[파이썬] Matplotlib 다중 플롯 생성

Matplotlib is a powerful library in Python for creating visualizations. One of its features is the ability to create multiple plots in a single figure, allowing us to compare and analyze data more effectively.

In this blog post, we will explore how to create multiple plots using Matplotlib in Python. Let’s dive in!

Importing the required libraries

Before we start creating multiple plots, we need to import the necessary libraries. In this case, we need to import the pyplot sub-module from matplotlib.

import matplotlib.pyplot as plt

Creating a figure and multiple subplots

To create multiple subplots, we first need to create a figure object. Then, we can create subplots using the subplots() function. The subplots() function takes in two arguments: the number of rows and columns of subplots.

fig, axes = plt.subplots(nrows=2, ncols=2)

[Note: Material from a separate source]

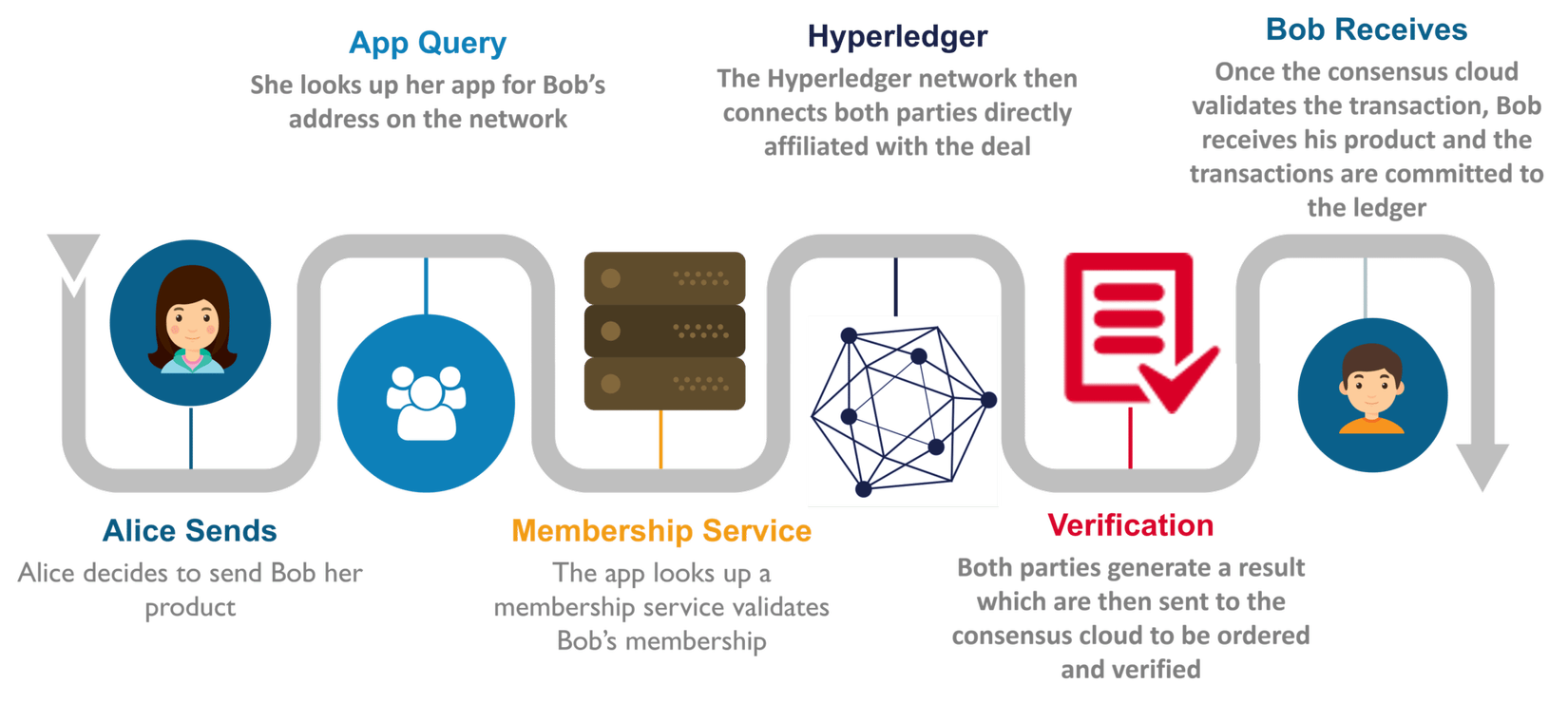 Giả sử Alice và Bob thực hiện giao dịch đặc biệt của họ trên mạng Hyperledger, cô sẽ tìm kiếm Bob thông qua một ứng dụng truy vấn danh sách các thành viên tham gia vào mạng. Sau khi đã được xác thực, hai peer sẽ được kết nối và kết quả được trả về. Trong thỏa thuận hai bên này, cả hai kết quả trả về phải giống nhau để giao dịch có thể được xác nhận. Trong các giao dịch khác với nhiều bên, nhiều quy tắc hơn có thể được áp dụng.

In the above code, we create a figure with 2 rows and 2 columns, which gives us a total of 4 subplots.

Plotting data on subplots

Once we have created the subplots, we can plot our data on them. We can access each subplot using the axes object, which is a 2-dimensional array.

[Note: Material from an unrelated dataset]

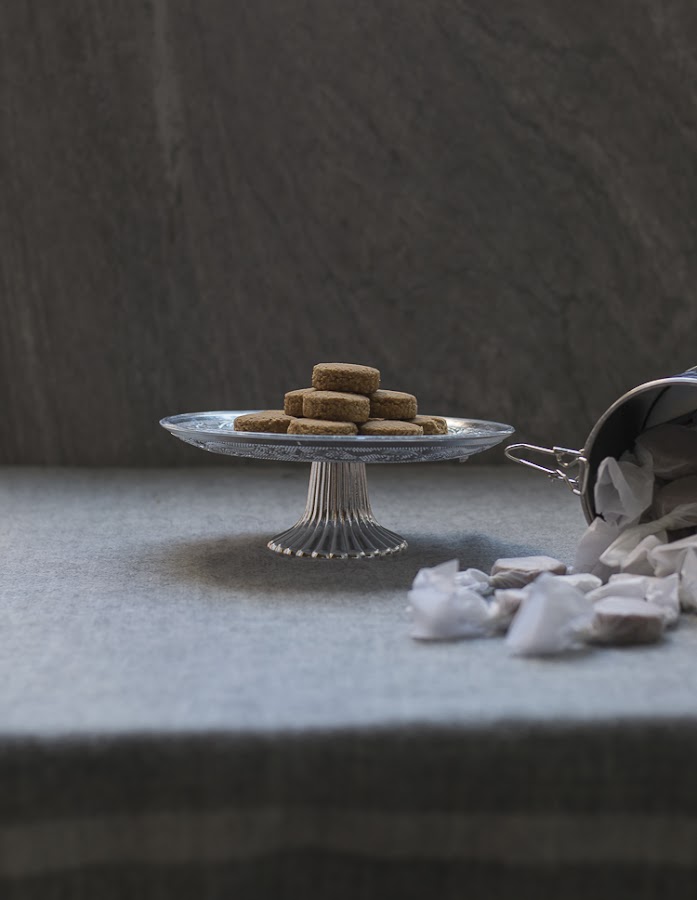 Se pueden decorar con el mismo azúcar de abedul ( o con azúcar glas), o mojar un poco el mantecado antes de hornear y poner unas semillas de sésamo.

axes[0, 0].plot(x1, y1, 'r--')
axes[0, 0].set_title('Plot 1')

axes[0, 1].scatter(x2, y2)
axes[0, 1].set_title('Plot 2')

axes[1, 0].bar(x3, y3)
axes[1, 0].set_title('Plot 3')

axes[1, 1].hist(x4, bins=10)
axes[1, 1].set_title('Plot 4')

plt.tight_layout() # Optional, to improve the spacing between subplots

In the above code, we plot different types of data on each subplot - a line plot, a scatter plot, a bar plot, and a histogram. We also set titles for each plot.

Displaying the figure

Finally, we can display the figure with our multiple subplots by calling the show() function.

plt.show()

The show() function opens a window with our figure, displaying all the subplots.

That’s it! We have successfully created multiple plots using Matplotlib in Python. This technique is useful when we want to compare different aspects of the data or visualize multiple datasets together.

I hope this blog post was helpful in understanding how to create multiple plots in Matplotlib. Happy plotting!